Monday 27 July 2015

Fako High Court Fines Tiko DO For Ignoring Lawyers’ Summons


/By Macdonald Ayang Okumb/
Barrister Ashu Samuel: The Man The Tiko DO Padlocked

     A Judge at the Fako High Court in Buea, Justice Otto Esseme Ngame, last Thursday awarded court cost of FCFA 150,000 to the Divisional Officer, DO, of Tiko Sub-division, Patrick Che Ngwashi for failing to enter appearance for an originating summons after being duly served.
     The case that opened that Thursday is pitting the Tiko DO, two police officers by name Alfred Nformi Wepnje (Tiko Police Commissioner) and Elvis Osong as well as the State of Cameroon (represented by the ministry of territorial administration and decentralisation) against three plaintiffs namely, Barristers Samuel Ashu Bisong, Eric Forsack Forteck and the Fako Lawyers’ Association, FAKLA represented by its president Barrister Felix Nkongho Agbor-Balla.
     It all began on Monday 18 May 2015 when the DO padlocked Barristers Samuel Ashu and Eric Forsack in their Tiko chambers for more than one hour on grounds that the chambers was open during a Keep-Tiko-Clean campaign that day.
     The lawyers’ anger is that by doing so, the DO acted ultra vires and that it was not the first time he was acting as such towards Lawyers.

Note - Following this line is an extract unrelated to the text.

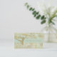 This elegant business card features an abstract gold, mint green, and white marbled background, with a mint green name banner. The banner is thinly lined in shiny gold. Your custom text is in gold, also. A darker gold silhouette dancer leaps on the left side of the front. The back of the card has the same background, with a field for your information in gray. Beautiful!

He had once also orchestrated the detention of Late Barrister Innocent Bonu and Benjamin Enow Agbor three years ago.
     The lawyers’ attempt to cause the DO apologise for his action met with a stone wall; reason why they dragged him to court.
“We want the court to determine whether any person, group of persons or administrative officers who detains any citizen in a confined place without a warrant duly issued by a judicial officer can be said and held to have violated the human rights of that citizen...whether any person who enters the premises of a citizen without a warrant or without the authority of that citizen can be termed to have trespassed on the citizen’s property...whether any person not acting by the strength of a judicial instrument or acting under the fiscal law can legally pretend to seal the business premises of any citizen and in any case do so without drawing up a report and minutes of the exercise” Barrister Enow Agbor stated.
     The Tiko DO, who has however been sued not as DO but in his individual name, was not present at the court that Thursday, neither was any legal representative of his. And no justification was tendered to the court to that effect.
     It was then that the Judge, after being solicited by the counsels for the plaintiffs to award costs to the DO worth FCFA 20 million, that he (the Judge) finally settled for FCFA 150, 000 and then adjourned the matter to Thursday 6 August for another hearing.
     The auditorium of the Fako High court was full to capacity as more than 100 lawyers and Advocates-in-training were present to support their colleagues.
     The Lead Counsel for the Plaintiffs is Barrister Benjamin Enow Agbor (who was himself once unlawfully detained by DO Patrick Che) and will be assisted in the process by more than forty lawyers, among them, prominent names like Barristers Harmony Bobga, Ikome Ngongi, Ebah Ntoko and Gladys Mbuya who’s the Vice President of the Africa chapter of the International Federation of Women Lawyers, known by the French acronym FIDA.